Task prompt: Only the lines below from the one containing "72819710 Rohrbrunn Autobahn-Rasthaus" through the one containing "하단에 '확장 프로그램'을 선택합니다." belong in the answer, set down exactly, with the pictures left out.

Supplied data:
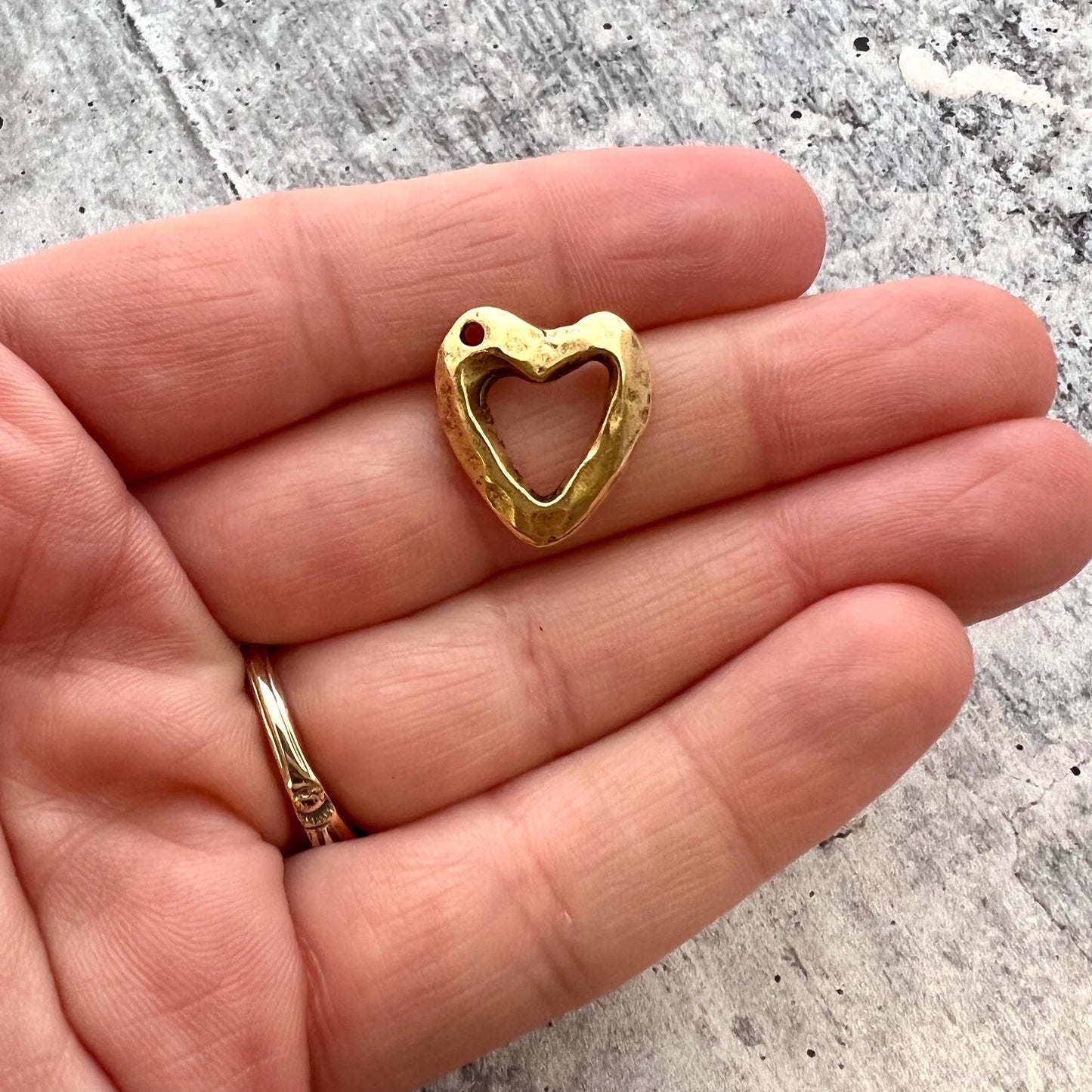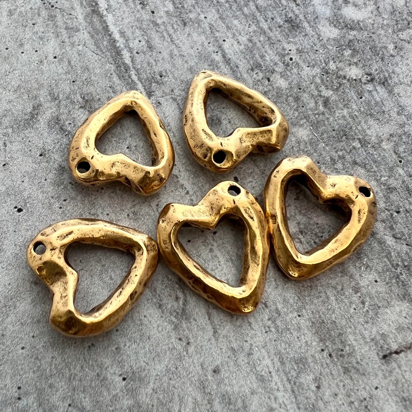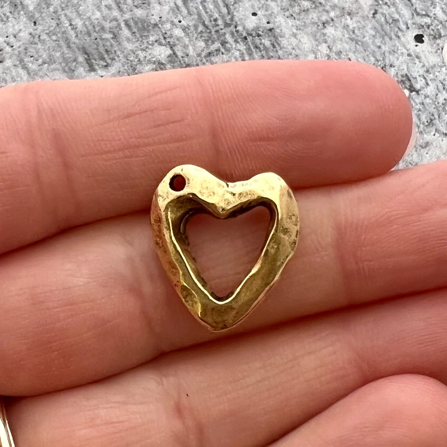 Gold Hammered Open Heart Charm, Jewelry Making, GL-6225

--

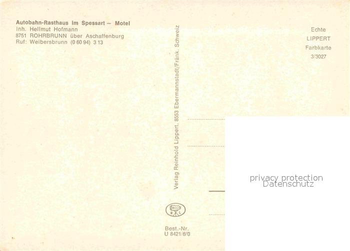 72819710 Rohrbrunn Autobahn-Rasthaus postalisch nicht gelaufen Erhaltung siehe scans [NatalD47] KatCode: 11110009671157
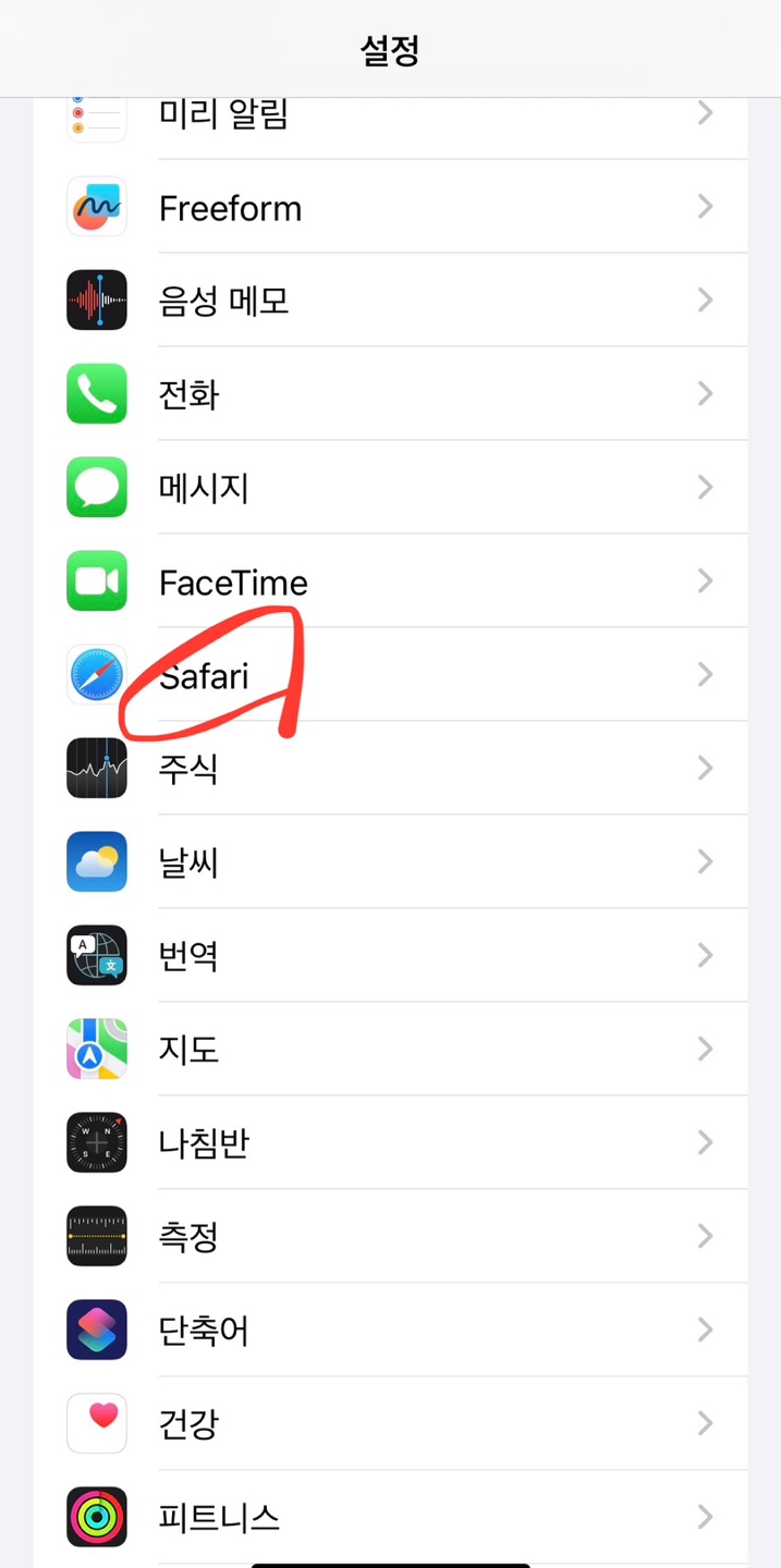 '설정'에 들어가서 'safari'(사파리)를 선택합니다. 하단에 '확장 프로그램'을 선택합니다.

Written response:
 72819710 Rohrbrunn Autobahn-Rasthaus postalisch nicht gelaufen Erhaltung siehe scans [NatalD47] KatCode: 11110009671157
 '설정'에 들어가서 'safari'(사파리)를 선택합니다. 하단에 '확장 프로그램'을 선택합니다.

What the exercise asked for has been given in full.